Origin and scope of horticultue,
Horticulture is the science and art of growing (plants) – fruits, vegetables, flowers, and any other cultivar. It also includes plant conservation, landscape restoration, soil management, landscape and garden design, construction, and maintenance, and arboriculture. In contrast to agriculture, horticulture does not include large-scale crop production or animal husbandry.

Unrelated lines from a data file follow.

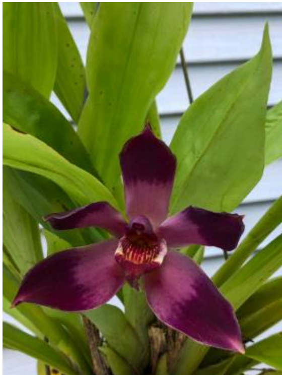
Pescatobollea bella OR Pescatoria Strawberry Fair Steve Steiner
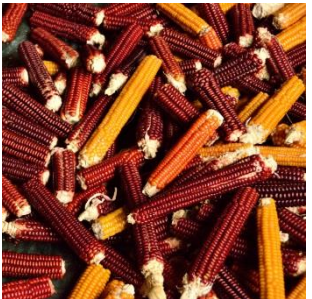
Landmark Flint corn
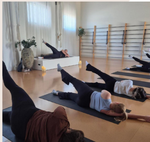
A light Pilates session.
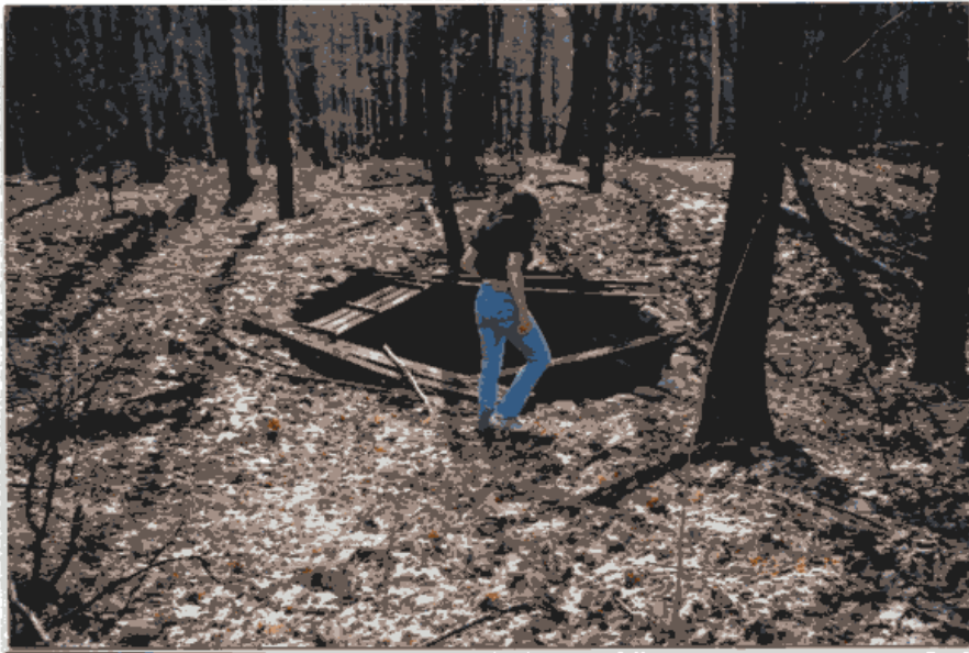
1.01 view of stone-lined "well" (10 feet diameter), 75 feet from corner, 6 feet in from line 255

Horticulturists apply their knowledge, skills, and technologies used to grow intensively produced plants for human food and non-food uses and for personal or social needs. Their work involves plant propagation and cultivation with the aim of improving plant growth, yields, quality, nutritional value, and resistance to insects, diseases, and environmental stresses. They work as gardeners, growers, therapists, designers, and technical advisors in the food and non-food sectors of horticulture. Horticulture even refers to the growing of plants in a field or garden.
Horticulture has a very long history.[4] The study and science of horticulture dates all the way back to the times of Cyrus the Great of ancient Persia, and has been going on ever since, with present-day horticulturists such as Freeman S. Howlett and Luther Burbank. The practice of horticulture can be retraced for many thousands of years. The cultivation of taro and yam in Papua New Guinea dates back to at least 6950–6440 cal BP.[5] The origins of horticulture lie in the transition of human communities from nomadic hunter-gatherers to sedentary or semi-sedentary horticultural communities, cultivating a variety of crops on a small scale around their dwellings or in specialized plots visited occasionally during migrations from one area to the next (such as the "milpa" or maize field of Mesoamerican cultures).[6] In the Pre-Columbian Amazon Rainforest, natives are believed to have used biochar to enhance soil productivity by smoldering plant waste.[7] European settlers called it Terra Preta de Indio.[8] In forest areas such horticulture is often carried out in swiddens ("slash and burn" areas).[9] A characteristic of horticultural communities is that useful trees are often to be found planted around communities or specially retained from the natural ecosystem.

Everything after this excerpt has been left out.